Ever since the Philadelphia Eagles signed notorious quarterback Michael Vick this week, some NFL fans have vowed never to root for the team as long as it employed the convicted felon. But a sizable contingent will evidently still be cheering for the convicted dog-fighter this season, wearing his No. 7 jersey.
Mitchell Modell, CEO of Modell's Sporting Goods, says demand for Vick's jersey, which retails for $80 and $110, is strong. Ironically, No. 7 was also worn by Ron Jaworski, a beloved quarterback who lead the Eagles to Super Bowl XV against the Oakland Raiders in 1981. Jaworski, now an analyst on ESPN's Monday Night Football, does not think signing Vick was a good idea.
For now, Vick's hire has created the most buzz around the Eagles in years, and the jerseys are moving rapidly. "They are selling very strong," Modell says. "It's steady. You have a lot of people who are die hard Eagles fans."
The Modell's sporting-goods chain has 140 East Coast stores, 25 in the Philadelphia area. Mitchell Modell declined to provide any financial details about the sales of Vick's jersey.
But his statement is at odds with rival Dick's Sporting Goods Inc. (DKS), the largest publicly traded sporting goods chain, which is holding off on stocking Vick's jersey. "We have not seen enough demand from Eagles fans to stock the jersey," Jeff Hennion, chief marketing officer of the 400-store chain, told Bloomberg News. "We have no problem stocking the jersey if the demand is there."
Pittsburgh-based Dick's did not disclose the criteria it would use to determine if it will carry the jerseys in the future. Pundits suggest that Eagles fans will embrace Vick if he performs well. But performance is far from a sure bet after 18 months in prison -- an eternity on the gridiron.
Still, some fans hold jerseys of their favorite NFL players as high fashion, wearing them at home or in packed stadiums. Players earn a royalty for sales of replica jerseys, amounting to about $18 million for NFL players last year, by one estimate. Reebok, a unit of Adidas AG (ADDYY), is the official provider of jerseys to the NFL; executives have not returned messages.
Vick's signing has divided Eagles fans as few issues ever have, says Merrill Reese, the Eagles' longtime radio announcer.

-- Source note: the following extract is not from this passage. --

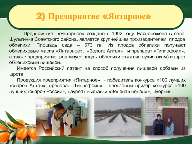 2. В нашем районе находится предприятие «Янтарное», созданное в 1992 году.

Some fans feel Vick's animal-cruelty crimes were so heinous that he shouldn't be allowed back on the field. Others, including Eagles head coach Andy Reid, say that Vick has paid his debt to society and deserves a second chance -- a viewpoint shared by Dick Vermeil, Jaworski's former head coach.

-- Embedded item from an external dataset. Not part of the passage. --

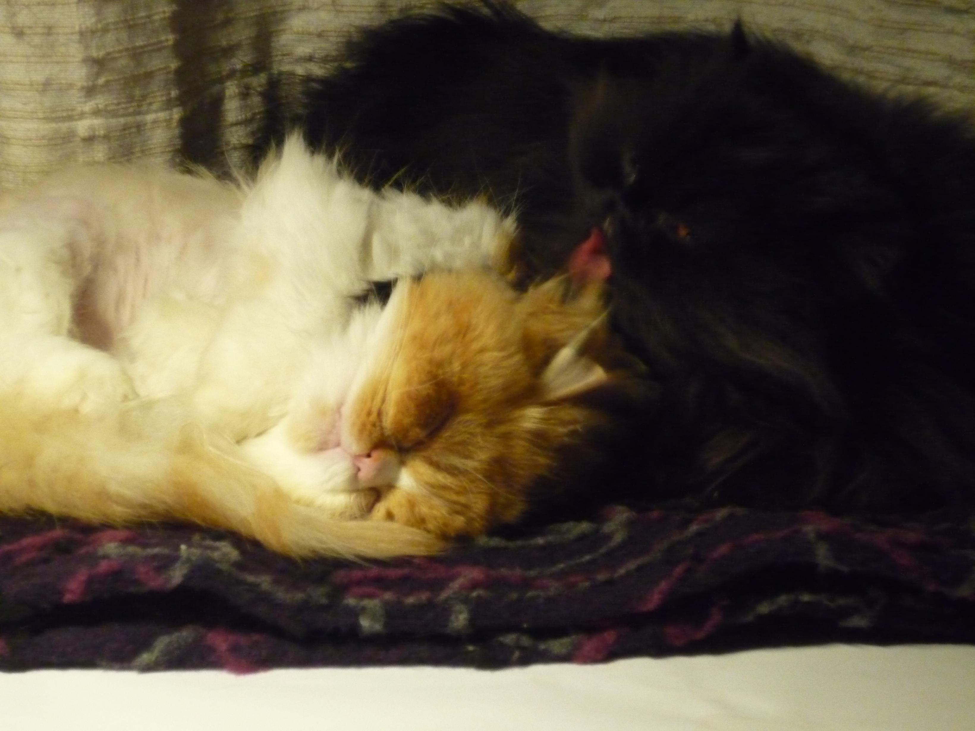 Inzwischen lebt hier dauerhaft ein alter Kater, Kasi, er zog vor bald 2 Jahren hier ein. Moira (inzwischen auch 11 Jahre alt) geht an seinen Napf - und er verzieht sich ohne ein Wort und lässt ihr den Vortritt. Also füttere ich wieder getrennt *seufz*

And Vick recently got a boost from an unlikely source: Princeton University professor Peter Singer, a provocative voice of the animal-rights movement, who questions the motives of those who believe Vick should be denied the right to play football. In an interview with the Philadelphia Inquirer, Singer said, "People who are very quick to jump on Michael Vick maybe could spend some time thinking about how they participate in the cruelty to animals just by walking into the supermarket, spend some time thinking about what happened to that animal before it was turned into meat."
For Modell's, the question is more practical than ethical. "We always follow the rules and regulations of league," Mitchell Modell says. "The customers expect us to carry these kinds of goods." I asked Modell if his chain would consider donating proceeds from the sale of Vick jerseys to charity. Modell said he hasn't ruled anything out.